Molecular Genetics of Adipocytes

Description of projects available to graduate students:
Recently, long-held assumptions that fat cells (adipocytes) are stable and long-lived have been scientifically debunked. It is now appreciated that adipose tissue turns over at a pace of ~10%/year and its cellular homeostasis is subject to tight physiological regulation at least at the levels of death and regeneration. Our lab has been developing several molecular genetic projects that address mechanisms of these homeostatic processes. Among these, potential graduate projects include:
1. Novel death mechanisms of adipocytes following loss of PPARγ – we developed a twist of the standard loxP-Cre system, in which Cre-mediated deletion of PPARγ activates a latent nuclear isoform of YFP (yellow fluorescent protein). Using direct fluorescent and immunofluorescent detection of nYFP in vivo and in vitro, we can now follow the precise fate of adipocytes upon loss of PPARγ. Our initial observations suggest that these cells are subject to a rapid and efficient non-apoptotic cell death mechanism. Graduate projects include characterization of this non-canonical death pathway, identifying and characterizing the PPARγ target gene(s) that subvert it, and later on evaluating the role of this pathway in the physiology of feeding and obesity.

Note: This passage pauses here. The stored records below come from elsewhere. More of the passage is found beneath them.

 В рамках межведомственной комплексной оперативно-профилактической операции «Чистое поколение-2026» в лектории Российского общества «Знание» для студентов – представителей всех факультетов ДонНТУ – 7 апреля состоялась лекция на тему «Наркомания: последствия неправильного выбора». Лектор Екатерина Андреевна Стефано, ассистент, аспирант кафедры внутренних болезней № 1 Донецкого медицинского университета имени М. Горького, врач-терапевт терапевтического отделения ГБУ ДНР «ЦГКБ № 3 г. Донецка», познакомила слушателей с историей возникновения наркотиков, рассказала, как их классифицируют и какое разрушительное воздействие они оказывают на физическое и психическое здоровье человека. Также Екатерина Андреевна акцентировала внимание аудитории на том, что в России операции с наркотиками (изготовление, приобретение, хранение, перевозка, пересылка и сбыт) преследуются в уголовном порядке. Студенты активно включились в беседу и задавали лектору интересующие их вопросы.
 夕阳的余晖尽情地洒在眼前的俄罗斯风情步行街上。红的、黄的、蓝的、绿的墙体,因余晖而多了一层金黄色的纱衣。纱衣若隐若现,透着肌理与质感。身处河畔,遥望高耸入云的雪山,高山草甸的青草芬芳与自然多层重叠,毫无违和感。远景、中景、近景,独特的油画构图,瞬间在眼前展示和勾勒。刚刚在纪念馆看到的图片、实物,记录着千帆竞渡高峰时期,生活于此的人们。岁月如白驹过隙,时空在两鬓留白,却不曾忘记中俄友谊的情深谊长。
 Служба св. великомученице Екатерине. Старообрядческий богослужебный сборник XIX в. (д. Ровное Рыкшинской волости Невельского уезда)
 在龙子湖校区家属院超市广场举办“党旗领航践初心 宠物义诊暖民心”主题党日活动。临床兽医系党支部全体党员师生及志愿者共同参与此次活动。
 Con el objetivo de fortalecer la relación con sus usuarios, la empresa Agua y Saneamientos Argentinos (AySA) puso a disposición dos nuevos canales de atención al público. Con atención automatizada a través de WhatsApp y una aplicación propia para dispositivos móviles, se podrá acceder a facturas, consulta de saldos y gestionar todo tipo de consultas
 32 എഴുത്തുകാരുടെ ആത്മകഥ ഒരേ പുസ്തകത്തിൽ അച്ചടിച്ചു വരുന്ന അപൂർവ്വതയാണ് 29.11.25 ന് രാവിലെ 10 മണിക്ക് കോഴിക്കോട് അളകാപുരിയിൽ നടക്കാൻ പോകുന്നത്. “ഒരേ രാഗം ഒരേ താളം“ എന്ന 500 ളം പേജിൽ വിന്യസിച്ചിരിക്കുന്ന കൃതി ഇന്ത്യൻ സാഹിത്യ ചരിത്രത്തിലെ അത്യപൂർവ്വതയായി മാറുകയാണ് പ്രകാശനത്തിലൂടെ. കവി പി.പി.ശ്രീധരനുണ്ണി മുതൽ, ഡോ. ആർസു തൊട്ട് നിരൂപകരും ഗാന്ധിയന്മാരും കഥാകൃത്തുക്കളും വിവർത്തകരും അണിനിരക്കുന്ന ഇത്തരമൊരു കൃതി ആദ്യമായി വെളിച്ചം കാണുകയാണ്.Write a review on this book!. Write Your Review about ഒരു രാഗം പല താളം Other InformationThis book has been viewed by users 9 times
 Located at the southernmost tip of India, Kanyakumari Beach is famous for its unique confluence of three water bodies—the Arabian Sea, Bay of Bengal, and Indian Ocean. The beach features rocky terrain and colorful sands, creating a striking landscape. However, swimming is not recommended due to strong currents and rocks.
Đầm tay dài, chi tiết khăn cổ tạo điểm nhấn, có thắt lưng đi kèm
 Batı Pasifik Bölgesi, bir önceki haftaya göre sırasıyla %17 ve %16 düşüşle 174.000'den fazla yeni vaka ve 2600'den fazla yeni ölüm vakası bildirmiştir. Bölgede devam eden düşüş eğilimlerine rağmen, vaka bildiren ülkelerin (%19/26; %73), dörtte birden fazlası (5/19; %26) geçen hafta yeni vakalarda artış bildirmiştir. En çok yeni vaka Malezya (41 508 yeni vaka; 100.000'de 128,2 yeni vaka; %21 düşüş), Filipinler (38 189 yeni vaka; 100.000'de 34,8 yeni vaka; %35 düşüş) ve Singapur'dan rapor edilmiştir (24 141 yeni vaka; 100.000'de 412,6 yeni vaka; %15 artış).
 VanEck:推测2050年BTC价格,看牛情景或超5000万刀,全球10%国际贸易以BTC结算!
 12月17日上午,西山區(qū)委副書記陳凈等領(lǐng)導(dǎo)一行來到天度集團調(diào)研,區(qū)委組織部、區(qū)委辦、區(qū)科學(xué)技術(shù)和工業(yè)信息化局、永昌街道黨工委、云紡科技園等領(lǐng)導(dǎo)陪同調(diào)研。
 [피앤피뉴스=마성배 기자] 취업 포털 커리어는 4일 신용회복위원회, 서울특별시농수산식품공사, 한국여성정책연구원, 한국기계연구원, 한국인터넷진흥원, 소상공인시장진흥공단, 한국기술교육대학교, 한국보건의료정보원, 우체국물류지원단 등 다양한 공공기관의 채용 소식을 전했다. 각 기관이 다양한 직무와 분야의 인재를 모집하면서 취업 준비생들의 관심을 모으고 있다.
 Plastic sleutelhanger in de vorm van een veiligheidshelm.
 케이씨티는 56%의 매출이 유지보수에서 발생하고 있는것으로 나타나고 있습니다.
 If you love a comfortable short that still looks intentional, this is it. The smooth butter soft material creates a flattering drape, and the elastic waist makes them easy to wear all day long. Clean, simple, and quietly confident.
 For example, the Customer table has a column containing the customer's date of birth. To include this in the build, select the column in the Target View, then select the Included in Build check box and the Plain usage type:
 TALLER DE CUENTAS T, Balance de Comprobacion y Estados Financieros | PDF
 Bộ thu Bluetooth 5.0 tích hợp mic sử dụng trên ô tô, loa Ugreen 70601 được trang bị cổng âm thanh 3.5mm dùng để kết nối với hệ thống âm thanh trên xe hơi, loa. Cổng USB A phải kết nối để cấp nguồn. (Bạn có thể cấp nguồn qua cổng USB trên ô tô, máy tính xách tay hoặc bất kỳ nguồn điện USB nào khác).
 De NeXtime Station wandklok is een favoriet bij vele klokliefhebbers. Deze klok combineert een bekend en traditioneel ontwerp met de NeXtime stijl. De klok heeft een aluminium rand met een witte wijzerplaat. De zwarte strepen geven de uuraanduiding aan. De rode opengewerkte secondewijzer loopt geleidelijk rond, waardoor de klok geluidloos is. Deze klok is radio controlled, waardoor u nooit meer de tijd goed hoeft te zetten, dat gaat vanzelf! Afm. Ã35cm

2. Adipose tissue regeneration – Several project in the lab address regenerative mechanisms of adipose tissue during early development, following genetically engineered death and in lipodystrophy (a degenerative disease stemming from reduced viability of adipocytes). Topics of interest include the definitive identification and characterization of adipocyte progenitors, molecular cues that induce progenitor deployment, homing and integration during adipose tissue regeneration, and in the long run therapeutic potentials of adipocyte progenitors in obesity-associated metabolic diseases.

Techniques graduate student will learn:
• Gene targeting: construct design, recombineering, ES cell targeting, embryo manipulation, complex genetic crosses.
• Gene expression analysis: qPCR, transfections, reporter analysis, Blotting (Northern, Western), in situ hybridization, immunodetection.
• Cell culture: ES cells, primary fibroblasts, primary adipocytes, adipogenic assays.
• Histology and Imaging: microdissection, sectioning, light and fluorescent microscopy.